The sense of déjà vu instilled by Antic’s designs has undoubtedly helped spur the company’s amazing success. Since the launch of the East Dulwich Tavern in 1999, Antic has opened 44 more sites including The Tiger at Camberwell, which it transformed from an old geezers’ boozer to a cosy, friendly local. Several more London properties are in the pipeline including a new pub due to launch in Lewisham by the end of the year. But the clutter-chic look of the pubs can bring similar warm and welcoming qualities to our homes – whether period or contemporary.
In fact, Goymer is currently fitting out her own new-build apartment with some of her own vintage finds. ‘It’s probably not what people expect, but it adds interest and can bring more life to new-builds,’ she says. ‘Otherwise they can feel like living in a bit of a box – it’s what I felt when I first moved in. But with colour and pattern – and, say, throwing in some vintage curtains, lamps and furniture – it creates a lovely look.’
New-builds can feel like living in a bit of a box. But with colour and pattern – and, say, throwing in some vintage curtains, lamps and furniture – it creates a lovely look
Still, the prospect of pulling together a coherent aesthetic from eclectic second-hand finds can be daunting. If in doubt, Goymer recommends you take a single item as your starting point. In her new home, she’s working her sitting room around a pair of striking silky chartreuse curtains. A recently-purchased purple velvet sofa could have thrown a spanner in the works, but Goymer says you can always find a way to link colours, styles and textures.
‘The sofa didn’t really match anything I had, but I’m bringing in geometric patterns in bolder colours on cushions to try to draw everything together.’
Indeed, Goymer points out that simply by virtue of going for an eclectic look, you’ll find that ‘mismatched’ pieces can actually work well side-by-side. ‘Things just hang together because that’s the look you’re going for, which means you can be more adventurous,’ she says, before adding that you also need to be brave.

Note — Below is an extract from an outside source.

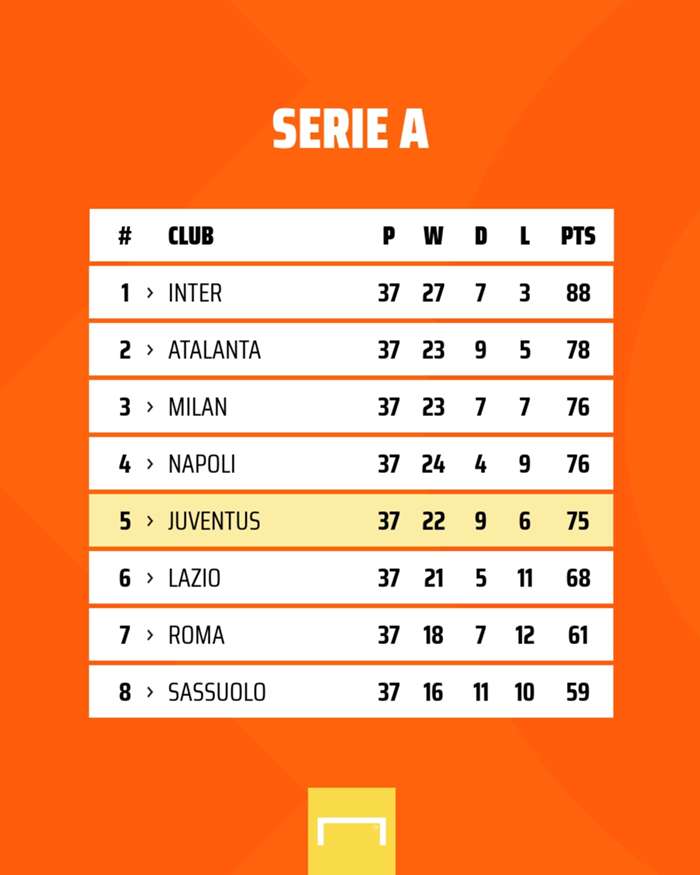 एसी मिलान र न्यापोलीले आ-आफ्नो खेल जितेको खण्डमा भने युभे पाचौं स्थानमा लिगको समापन गर्ने पक्का देखिन्छ। तर यदि युभेले आफ्नो अन्तिम खेल जितेर मिलान र न्यापोली मध्ये एक क्लबले अंक गुमाएको खण्डमा भने ओल्ड लेडीको च्याम्पियन्स लिगमा स्थान पक्का हुनेछ।

I think people sometimes play too safe with their homes and go for a very obvious aesthetic. But if we do something at Antic and it doesn’t work, we just redo it
‘I think people sometimes play too safe with their homes and go for a very obvious aesthetic. But if we do something at Antic and it doesn’t work, we just redo it. It’s the same in your home. If I painted my wall and thought, “Oh no – that looks terrible”, it’s not the end of the world. You just paint over it. I’d rather do that and create something that has the “wow” factor than something quite ordinary. You’ve got to just go for it and put things together that you wouldn’t necessarily think would work.’
Still, Goymer says you don’t need to go the full ‘granny chic’ monty to benefit from eclecticism in your home. ‘If you have, say, a lovely French Grey wall, think of adding some mustard or fuchsia to give a highlight,’ she says, ‘Simple touches like that – or a vintage lampshade on a modern lamp – can look incredible.’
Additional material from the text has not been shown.